Me resonaba la frase: «Dice Juan que hagas aquello que nunca haces y encontrarás la respuesta». Juan siempre se quejaba de mi mal uso de la tecnología y se lamentaba de que nunca organizaba mis correos ni revisaba el correo basura (una vez me perdí una importante entrevista de trabajo por no hacerlo).
Pero no, no podía ser eso. ¿Qué tonterías estaba pensando? Bueno, no me costaba nada controlar. Había cientos de correos de una misma persona que yo no conocía. Parecían programados para enviarse desde alguna central una vez por mes. Abrí uno cualquiera:
“Bea, soy Juan. Por si algún día me pasa algo, te dejo aquí los datos y claves de una cuenta bancaria que te hará vivir como reina. Disfrútala”.

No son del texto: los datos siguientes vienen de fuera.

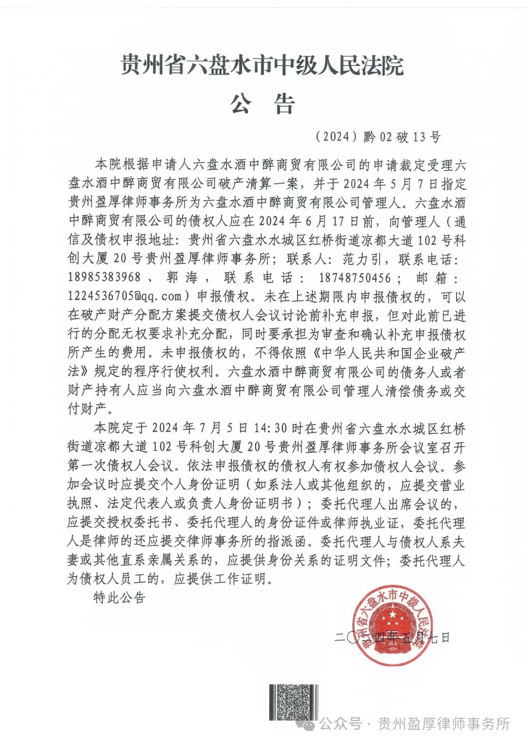 六盘水市中级人民法院定于2024年7月5日下午14:30在贵州盈厚律师事务所会议室召开第一次债权人会议。依法申报债权的债权人有权参加债权人会议,参加会议债权人应提交个人身份证明(如系法人或其他组织的,应提交营业执照、法定代表人或负责人身份证明书);如委托代理人出席会议的,应提交授权委托书、委托代理人的身份证件,委托代理人是律师的还应提交律师执业证和律师事务所的指派函。委托代理人与债权人系夫妻或其他直系亲属关系的,应提供身份关系的证明文件;委托代理人为债权人员工的,应提供工作证明。

El corazón me latía muy fuerte, sentí que me faltaba la respiración. Bajé las escaleras corriendo. Necesitaba hablar con Ana. Llegué a la planta baja y me di cuenta de que seguía sin saber cuál era su apartamento. Yo nunca había ido a verla, era ella la que venía siempre.
En ese momento apareció el vecino del quinto que iba a tirar la basura.
-Disculpe, ¿sabe usted cuál es el apartamento de Ana?- Le pregunté todavía agitada.
-¿Ana? ¿La inglesa? ¿Usted se refiere a la inglesa?
-Supongo que sí, la verdad es que no sé si es inglesa, pero tiene un acento muy raro.
-Tenía querrá decir. Su apartamento era el de la derecha. Pero murió hace como seis meses. Parecía una buena mujer, aunque algo extraña. Decía que las almas que tienen misiones pendientes se quedan vagando hasta poder cumplirlas. Aseguraba que cuando ella muriera, los espíritus de sus familiares vendrían a buscarla para llevarla a un lugar muy bonito pero muy frío y que ella no se iría sino hasta después de haber cumplido su misión. En fin, delirios de una pobre vieja loca. Me quedaría charlando con usted pero esta basura huele horrible.
-Sí sí – Dije casi petrificada- Vaya usted.
-Si Dios quiere ya pronto termina este maldito confinamiento. Que ya nos está afectando a la salud, ¡mire usted qué pálida está!- Dijo el del quinto mientras se alejaba dejando un camino de gotas que chorreaba desde la bolsa.